* _Data supplied_:
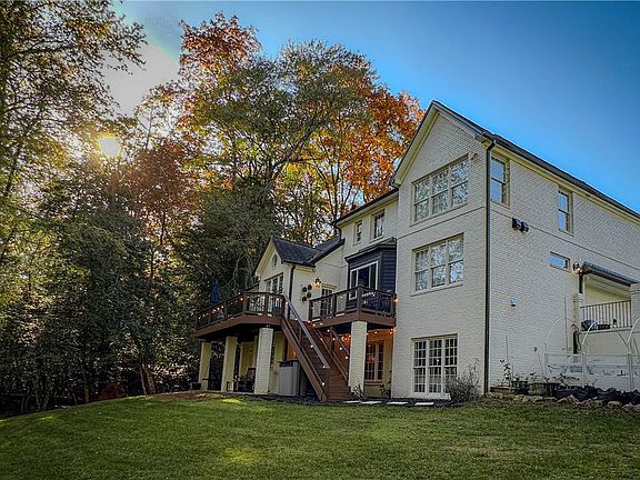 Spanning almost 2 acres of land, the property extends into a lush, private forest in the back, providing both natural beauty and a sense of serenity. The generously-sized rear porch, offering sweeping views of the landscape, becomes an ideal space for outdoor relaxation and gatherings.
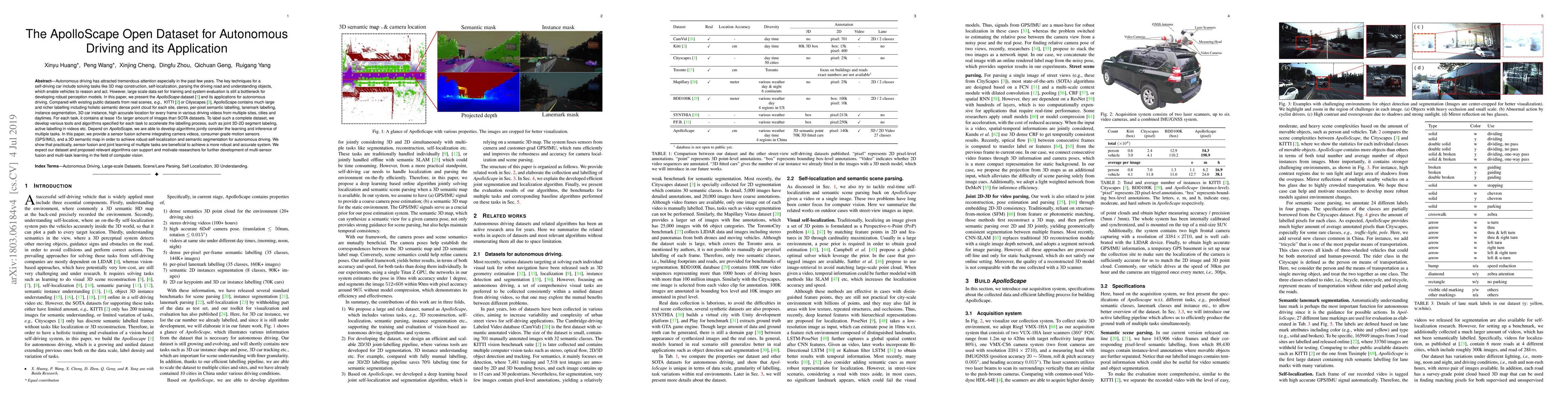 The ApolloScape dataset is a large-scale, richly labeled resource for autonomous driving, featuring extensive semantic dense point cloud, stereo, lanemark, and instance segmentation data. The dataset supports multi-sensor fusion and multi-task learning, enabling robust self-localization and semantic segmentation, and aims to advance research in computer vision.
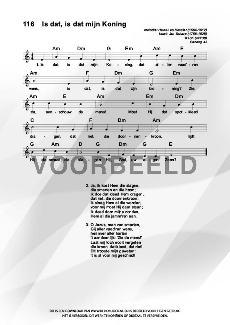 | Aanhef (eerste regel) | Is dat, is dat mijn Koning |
* * *
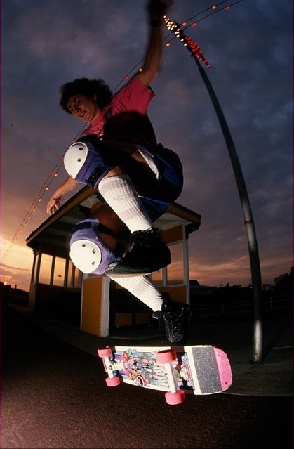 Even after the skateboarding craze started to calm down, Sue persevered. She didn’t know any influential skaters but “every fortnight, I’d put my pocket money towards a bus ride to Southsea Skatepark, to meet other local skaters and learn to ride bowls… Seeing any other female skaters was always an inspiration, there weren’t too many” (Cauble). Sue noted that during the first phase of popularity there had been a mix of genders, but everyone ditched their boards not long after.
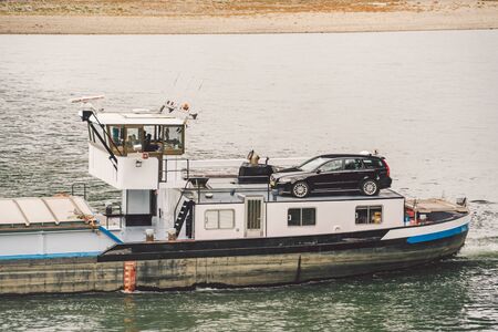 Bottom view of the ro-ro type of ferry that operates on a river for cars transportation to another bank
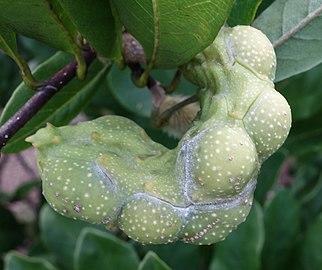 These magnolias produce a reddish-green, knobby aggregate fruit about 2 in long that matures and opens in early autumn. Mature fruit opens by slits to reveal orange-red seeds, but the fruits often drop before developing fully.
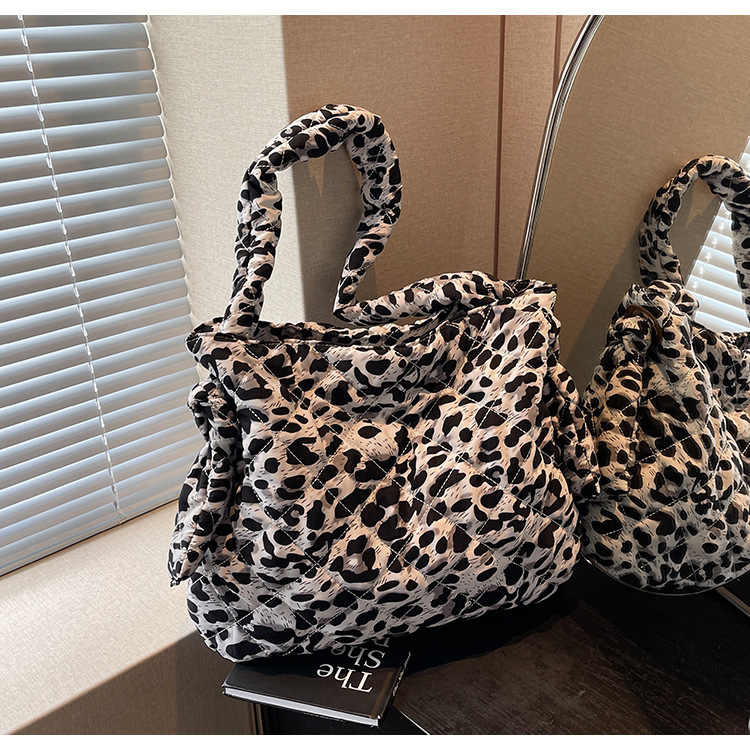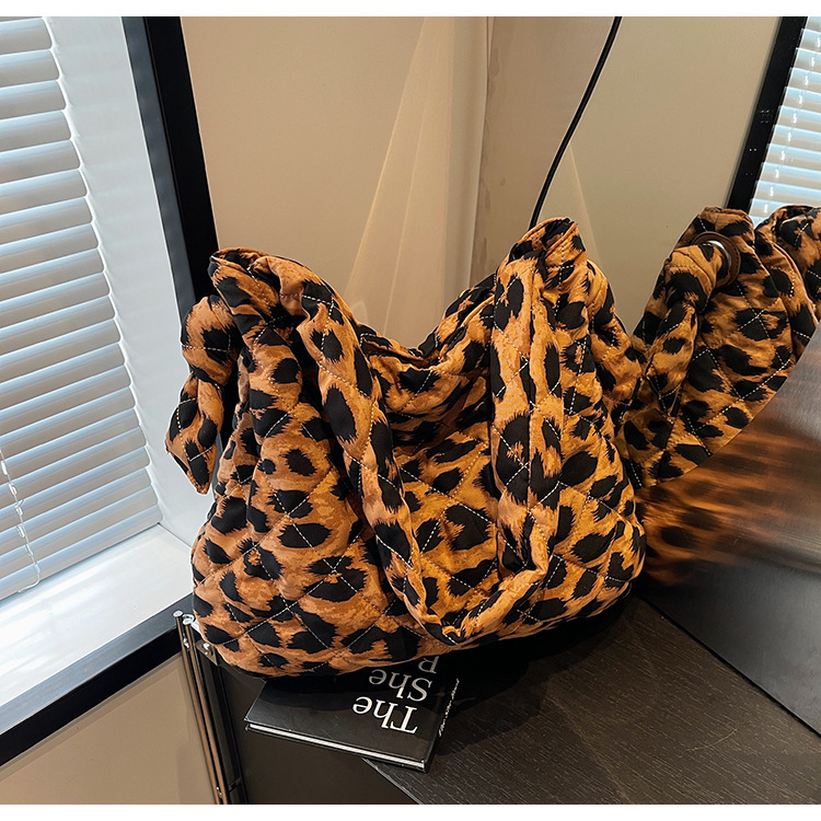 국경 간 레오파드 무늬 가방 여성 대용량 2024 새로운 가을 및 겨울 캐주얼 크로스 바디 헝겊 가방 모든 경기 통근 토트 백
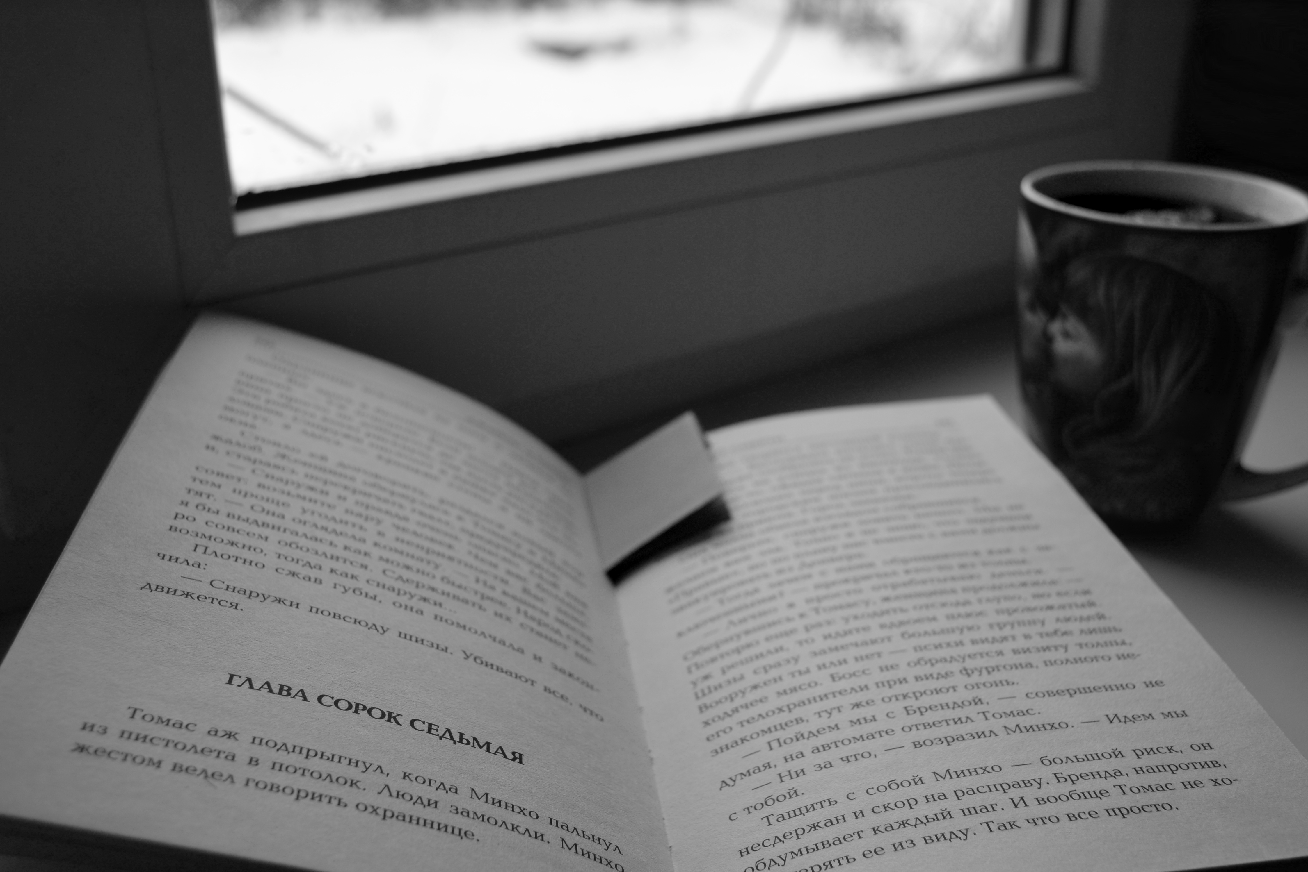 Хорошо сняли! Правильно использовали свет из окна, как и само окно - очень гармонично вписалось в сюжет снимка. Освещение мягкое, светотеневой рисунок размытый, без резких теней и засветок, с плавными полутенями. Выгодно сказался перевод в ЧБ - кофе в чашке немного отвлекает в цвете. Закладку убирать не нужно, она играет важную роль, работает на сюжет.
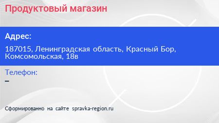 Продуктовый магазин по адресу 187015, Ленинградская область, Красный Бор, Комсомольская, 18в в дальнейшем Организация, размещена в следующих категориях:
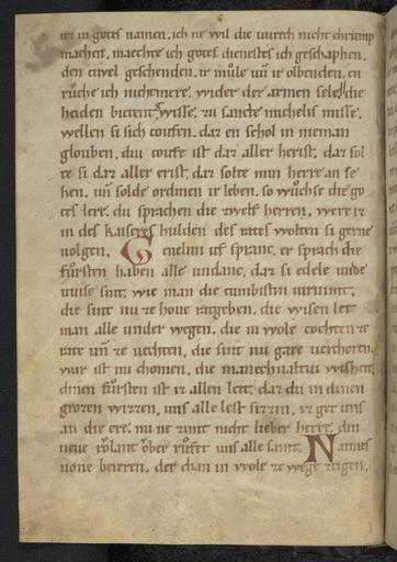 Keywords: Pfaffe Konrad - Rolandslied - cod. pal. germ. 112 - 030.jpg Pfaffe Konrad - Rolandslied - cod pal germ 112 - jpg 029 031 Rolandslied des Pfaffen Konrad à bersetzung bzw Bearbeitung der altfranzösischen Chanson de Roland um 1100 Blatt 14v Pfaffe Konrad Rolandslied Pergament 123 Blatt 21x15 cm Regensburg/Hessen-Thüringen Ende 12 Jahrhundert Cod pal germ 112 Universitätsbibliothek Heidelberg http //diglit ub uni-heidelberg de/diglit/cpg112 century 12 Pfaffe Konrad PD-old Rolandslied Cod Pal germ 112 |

* _Exercise details_: Starting at the line that contains "Продуктовый магазин по" and ending at the line that contains "Keywords: Pfaffe Konrad", transcribe the material above exactly, excluding pictures.

* _Task response_:
 Продуктовый магазин по адресу 187015, Ленинградская область, Красный Бор, Комсомольская, 18в в дальнейшем Организация, размещена в следующих категориях:
 Keywords: Pfaffe Konrad - Rolandslied - cod. pal. germ. 112 - 030.jpg Pfaffe Konrad - Rolandslied - cod pal germ 112 - jpg 029 031 Rolandslied des Pfaffen Konrad à bersetzung bzw Bearbeitung der altfranzösischen Chanson de Roland um 1100 Blatt 14v Pfaffe Konrad Rolandslied Pergament 123 Blatt 21x15 cm Regensburg/Hessen-Thüringen Ende 12 Jahrhundert Cod pal germ 112 Universitätsbibliothek Heidelberg http //diglit ub uni-heidelberg de/diglit/cpg112 century 12 Pfaffe Konrad PD-old Rolandslied Cod Pal germ 112 |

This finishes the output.